Joint Employers - the NLRB’s latest word.
Part of a series - Employment Law Case of the Week - by Ross Runkel.
In 2015 the NLRB revised its joint-employer test by (1) putting the focus on whether a putative employer has the right to control the workers (even if that right is not exercised) and (2) considering indirect control (not merely direct control) as a factor. The DC Circuit has affirmed that formulation, although the case was remanded for greater articulation of the scope of "indirect" control. Browning-Ferris v. NLRB (DC Cir 12/28/2018) [PDF]
Most workers at Browning-Ferris's recycling plant are employed by a staffing company, who “has the sole responsibility to counsel, discipline, review, evaluate, determine pay rates, and terminate” the workers that it provides. When a Teamsters union petitioned to represent these workers, the NLRB decided that Browning-Ferris and the staffing company were joint-employers of the workers.
The DC Circuit held that "the right-to-control element of the Board’s joint-employer standard has deep roots in the common law. The common law also permits consideration of those forms of indirect control that play a relevant part in determining the essential terms and conditions of employment. Accordingly, we affirm the Board’s articulation of the joint-employer test as including consideration of both an employer’s reserved right to control and its indirect control over employees’ terms and conditions of employment." However, the court faulted the NLRB for failing to distinguish evidence of indirect control that bears on workers’ essential terms and conditions from evidence that simply documents the routine parameters of company-to-company contracting. Therefore, the court remanded to the NLRB for it to "explain and apply its test in a manner that hews to the common law of agency."

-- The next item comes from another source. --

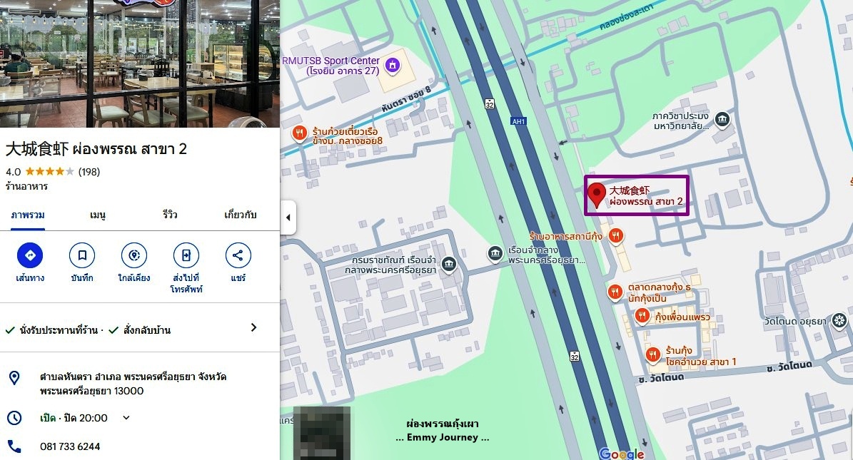 ผ่องพรรณกุ้งเผา, ผ่องพรรณกุ้งเผา สาขา 2, ร้านกุ้งเผา, ตลาดราชมงคล, ตำบลหันตรา, อยุธยา, พระนครศรีอยุธยา, จังหวัดพระนครศรีอยุธยา

DISSENT: The dissent would have issued no decision at all because the NLRB is now engaged in a rulemaking process directed at precisely the issues that were decided in this case. On the merits, the dissent argued that under the common law "employees of a true independent contractor [here, the staffing company] cannot be considered employees of the company [here, Browning-Ferris] who hired the contractor." The dissent also faulted the majority for ignoring the fact that the common law of joint-employer may vary according to the nature of the business arrangement between companies.
NOTE: The NLRB is engaging in a rulemaking process regarding its joint-employer standard. Interested parties may file comments on or before Monday, January 14, 2019.